There are functions that can group data into hourly i.e. 24 or into day of year i.e. 365. I have a dataset of 3 years 1999-2001 that has hourly values. So total values are 24*365*4+1*24=26304(1*24= leap year day). When I run the function
result=ds.groupby('time.dayofyear').mean('time')
The result it gives:
<xarray.DataArray 'precip' (dayofyear: 366, lat: 21, lon: 33)>
array([[[0. , 0. , 0. , ..., 0. ,
0. , 0. ],
[0. , 0. , 0. , ..., 0. ,
0. , 0. ],
[0. , 0. , 0. , ..., 0. ,
0. , 0. ],
...,
[0.00086806, 0.00065104, 0.00097656, ..., 0. ,
0. , 0. ],
[0.00141059, 0.00141059, 0.00130208, ..., 0. ,
0. , 0. ],
[0.00195312, 0.00141059, 0.00119358, ..., 0. ,
0. , 0. ]],
[[0. , 0. , 0. , ..., 0. ,
0. , 0. ],
[0. , 0. , 0. , ..., 0. ,
0. , 0. ],
[0. , 0. , 0. , ..., 0. ,
0. , 0. ],
...,]
Coordinates:
* lon (lon) float32 220.0 222.5 225.0 227.5 ... 292.5 295.0 297.5 300.0
* lat (lat) float32 20.0 22.0 24.0 26.0 28.0 ... 54.0 56.0 58.0 60.0
* dayofyear (dayofyear) int64 1 2 3 4 5 6 7 8 ... 360 361 362 363 364 365 366
If I use the time.hour groupby function:
result=ds.groupby('time.hour').mean('time')
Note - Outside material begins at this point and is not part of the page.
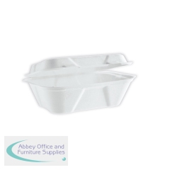 Vegware Bagasse Takeaway Box Clamshell 7x5 inch White (Pack of 500) B001. Disposable. 2-compartment clamshell design. Made from recycled sugarcane fibre. For hot and cold food. Designed to not trap condensation so food stays crispy.

<xarray.DataArray 'precip' (hour: 24, lat: 21, lon: 33)>
array([[[0. , 0. , 0. , ..., 0. ,
0. , 0. ],
[0. , 0. , 0. , ..., 0. ,
0. , 0. ],
[0. , 0. , 0. , ..., 0. ,
0. , 0. ],
...,
[0.00015682, 0.00022097, 0.00047759, ..., 0. ,
0. , 0. ],
[0.00033503, 0.00037779, 0.0004562 , ..., 0. ,
0. , 0. ],
[0.00044195, 0.00039918, 0.00039205, ..., 0. ,
0. , 0. ]],, dtype=float32)
Coordinates:
* lon (lon) float32 220.0 222.5 225.0 227.5 ... 292.5 295.0 297.5 300.0
* lat (lat) float32 20.0 22.0 24.0 26.0 28.0 ... 52.0 54.0 56.0 58.0 60.0
* hour (hour) int64 0 1 2 3 4 5 6 7 8 9 ... 14 15 16 17 18 19 20 21 22 23
How to groupy hour of the year where it gives me hourly average of the year rather than a day. Need the function to give result as 366*24 =8784 where average is calculated using day hour index.